Researchers at Washington State University recently made a discovery that debunks the longstanding theory that European traders introduced tobacco to Pacific Northwest Native Americans in the late 18th century. After studying the remains of pipes and pipe fragments used by the Nez Perce Indians, archaeologists now know the indigenous people were smoking tobacco at least 1,200 years ago.

“Usually in archaeology we just find little pieces of artifacts, things that you might not think much of,” Shannon Tushingham, a WSU assistant professor and director of its Museum of Anthropology, said. “But the information that we can extract from them on a molecular level is phenomenal.”

Tushingham and her partner in the study, David Gang, a professor in the Institute of Biological Chemistry, published their findings in the Proceedings of the National Academy of Sciences. They wrote that their newfound data is “the longest continuous biomolecular record of ancient tobacco smoking from a single region anywhere in the world.”

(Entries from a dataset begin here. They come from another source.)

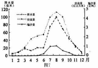 图7为“我国某河流中游水文观测站多年月平均降水量、径流量、输沙量变化图”。读图回答14-16题。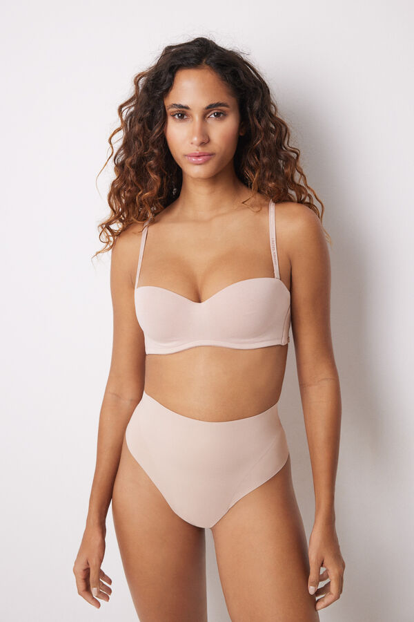 Tanga alta con efecto reductor y push up en color nude, con detalle de logo WS en la espalda. Estiliza tu silueta y es perfecta para llevar bajo las prendas que más se ciñen al cuerpo.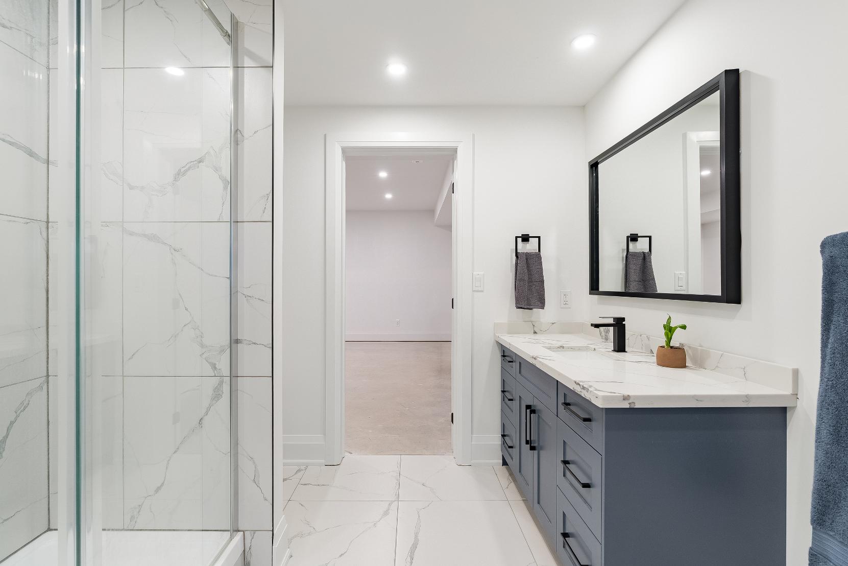 - Quartz-topped vanity finished with crisp whitecabinetry

It has been previously thought that the Nez Perce Indians and other indigenous groups in the Pacific Northwest only smoked kinnikinnik and bearberry until traders brought tobacco to them in 1790. Naturally occurring tobacco in the region was fairly hard to come by due to the cool climate. However, Tushingham and Gang believe the native peoples were cultivating and growing their own tobacco well before the influence of traders.

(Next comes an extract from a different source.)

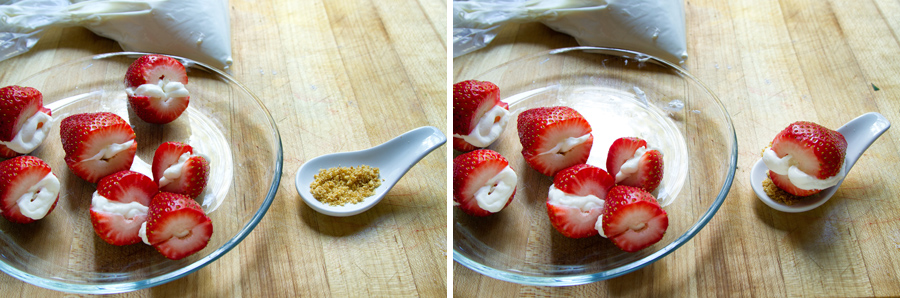 He also suggested that I cut the strawberries into several (3-4) layers and then pipe cheesecake onto each layer…like tiny little strawberry shaped layer cakes. I considered that suggestion for a few seconds and then pronounced him a little crazy if he thought I was going to do that.  Right?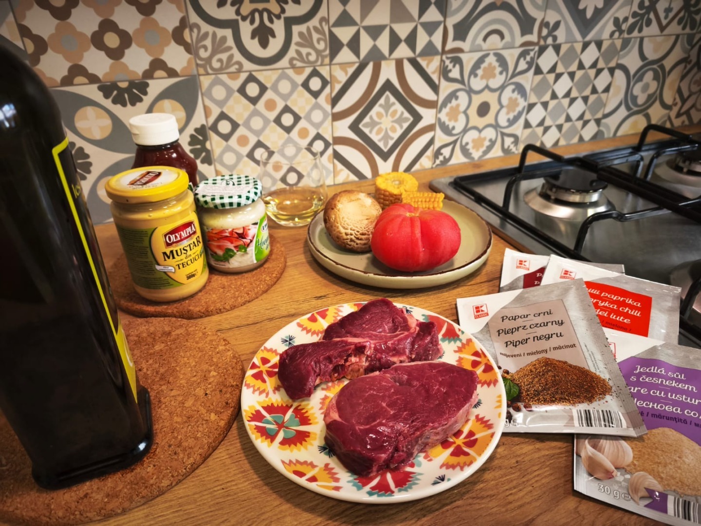 Bucățile ideale sunt antricotul, vrăbioara, mușchiul sau ribeye. Se taie în felii groase de 2,5–3 cm, pentru ca interiorul să rămână suculent chiar și după rumenire intensă la exterior. Am luat carnea tot de la Kaufland, proaspătă de la raionul de carne.

Their findings show that the indigenous tribes were not as passive and reliant on nature as some like to believe. Not only did they most likely grow their own tobacco crops, but they also grew their own clams on the coast.

Nez Perce Chief Lawyer holds an elbow pipe.
Image Credit: University of Washington Libraries, Special Collections, NA 627

“This is just another sign of the sophistication of cultures in this area and how they managed plants and animals,” Tushingham said.

Tushingham and Gang hope that this realization will help in regards to native smoking-cessation programs. Since tobacco is much more ingrained into native society than originally thought, treatment could potentially be approached from a different, more effective standpoint.